L’Institut français des relations internationales (IFRI) avait déjà alerté sur la sensibilité de ces installations en 2022. « Ces usines de dessalement sont les infrastructures civiles les plus sensibles », indiquait une note de l’IFRI. Les détruire, c’est mettre en péril des millions de vies.

Les conséquences seraient immédiates. Les grandes villes pourraient être privées d’eau en quelques jours. Les hôpitaux, les services essentiels, l’agriculture — tout serait affecté. Une crise humanitaire majeure.

Une escalade dangereuse

La menace iranienne intervient dans un contexte d’escalade militaire. Depuis février 2026, les États-Unis et Israël ont intensifié leurs frappes contre l’Iran. En réponse, Téhéran a bombardé Israël et des pays alliés des États-Unis.

Le détroit d’Ormuz, passage stratégique pour l’exportation mondiale de pétrole, a été bloqué par l’Iran. Les tensions montent. Et l’eau pourrait devenir l’enjeu suivant.

Donald Trump a accordé dix jours de plus à l’Iran pour négocier avant de frapper. « Nous prévoyons la fin des opérations dans les deux prochaines semaines », a déclaré Marco Rubio, ministre américain des Affaires étrangères, lors d’une réunion en France.

Mais les négociations semblent au point mort. Les responsables iraniens affirment publiquement ne pas vouloir négocier. Les frappes continuent. Et la menace sur l’eau reste.

Une cible stratégique

Les usines de dessalement ne sont pas les seules en ligne de mire. Les centrales électriques, dépendantes de l’eau pour leur refroidissement, sont également menacées. Une double vulnérabilité.

Si ces installations étaient détruites, la région pourrait être privée d’électricité. Les hôpitaux, les services essentiels, les usines de dessalement elles-mêmes — tout serait affecté. Un effet domino dévastateur.

Les systèmes de défense anti-aériens protègent déjà les plus grandes usines. Mais face à une attaque massive, leur efficacité reste incertaine. Les questions restent sans réponse. Pour l’instant.

Une crise humanitaire en perspective

Les conséquences d’une telle attaque seraient catastrophiques.

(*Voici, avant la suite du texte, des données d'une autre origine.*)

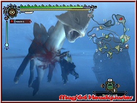 Spielerisch muss man sich in diesem Spiel keine Sorgen machen. Im Gegenteil. Alte PSO Cracks werden sich am Gameplay hier erfreuen. Egal ob Ihr Allein oder zu Viert auf Pirsch geht, alles läuft flüssig ab und man spürt wie schon erwähnt keine Unterschiede zum Offline Spiel. Euch erwarten hier die gleichen Umgebungen, allerdings mit oftmals anderen Items an bestimmten Stellen. Will man eine Quest starten, kann man dieser zunächst die Anzahl der Spieler zuteilen. Also ob ihr allein spielen wollt, oder Gäste willkommen sind. Schließlich sehen Gäste ja was eventuell an Quests am "schwarzen Brett" aktiv ist. Wer mit speziellen Freunden loslegen möchte, kann zudem ein Passwort vergeben für seine Quest. So schließt man ungebetene Gäste also aus. Im Spiel könnt Ihr euch nun wahlweise via Chatfunktion, Tastatur oder eben WiiSpeak verständigen. Dazu kann man einstellen, wie die Einblendungen gestaltet sein sollen. Ich für meinen Teil empfand den Namen über dem Kopf als treffendste Variante. Alles in allem ist der Online Modus für Monate eine Fundgrube für alle MH Cracks. Eben auch weil man mal allein schauen kann, wie gut man ist, oder eben gezielt nach Mitstreitern für eine bestimmte Quest sucht. Alle Extreme sind abgedeckt. Und Spaß macht es allemal mit Freunden Stundenlang durch die Gegend zu ziehen. Mal auf einer schweren Quest, oder auch bei mehreren hintereinander. Vom Feeling her wie in den guten alten PSO Tagen. ;-)
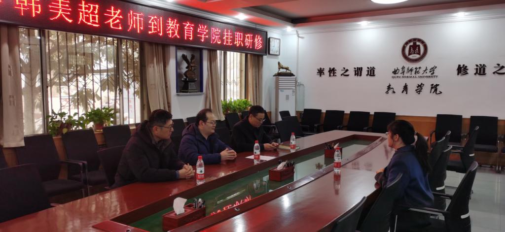 的学科建设、人才培养等方面所取得的成绩,重点介绍了学前教育专业的建设与发展情况,希望韩美超老师能够积极参与学院的各项活动,圆满完成研修任务。徐瑞和齐军分别就分管领域介绍了学院的相关情况,为韩老师旁听本硕课程、参与交流研讨等活动提供相关信息和帮助。最后,韩美超老师感谢学院的大力支持,表示会潜心研修,通过学习交流不断提高自己的能力和水平。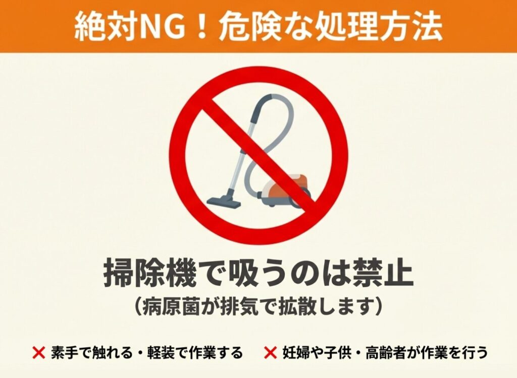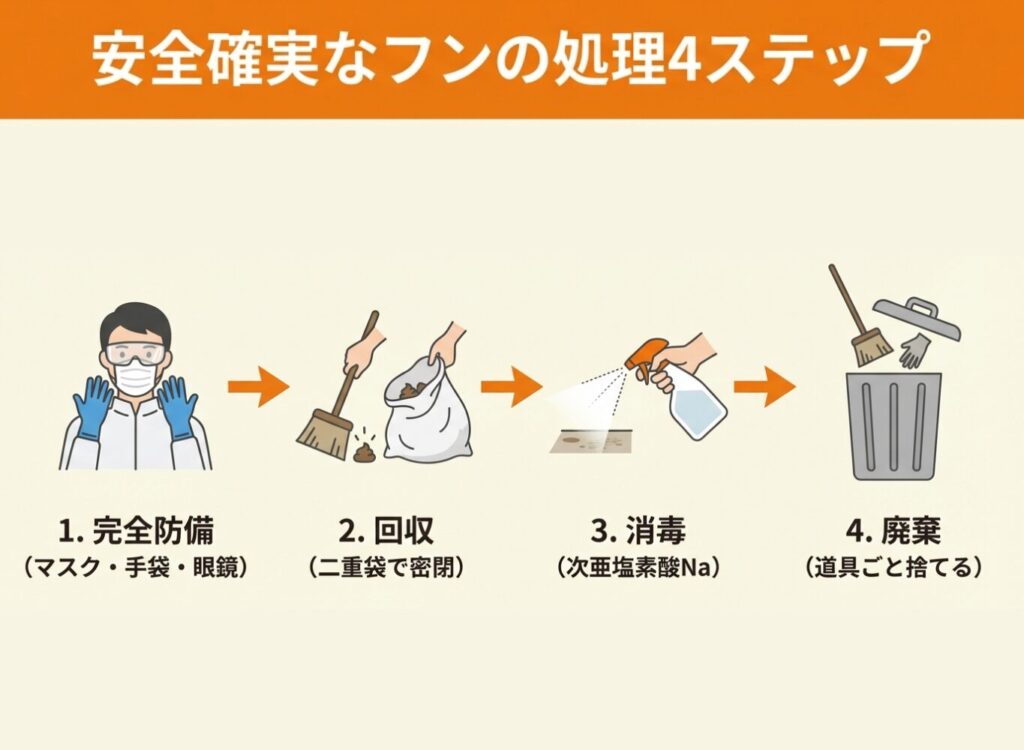 まずはフンを安全に処理し、消毒・消臭を徹底してください。

Près de 100 millions de personnes dépendent des usines de dessalement pour leur approvisionnement en eau. Les villes seraient paralysées. Les hôpitaux, sans électricité ni eau, ne pourraient fonctionner.

Les services essentiels — pompiers, police, transports — seraient perturbés. L’agriculture, déjà fragile, s’effondrerait. Une crise humanitaire majeure se profile.

L’Iran, de son côté, dispose de rivières et de réserves d’eau. Il est moins dépendant que ses voisins. Une asymétrie dangereuse.

Une ligne rouge pour la région

Les pays du Golfe pourraient réagir violemment à une telle attaque. Une ligne rouge serait franchie. Les alliances pourraient se resserrer. L’escalade militaire s’intensifierait.

Donald Trump a déjà menacé de frapper les centrales électriques iraniennes. Une attaque contre les infrastructures hydrauliques pourrait pousser les États-Unis à agir plus fortement.

La région est au bord du précipice. Une guerre totale pourrait éclater. L’eau en serait le catalyseur.

À suivre

Les frappes continuent. Les tensions montent. Et la menace sur l’eau reste. Les négociations semblent au point mort. Les questions restent sans réponse. Pour l’instant.

L’Iran joue un jeu dangereux. Les conséquences pourraient être catastrophiques. La région est au bord du précipice. À suivre.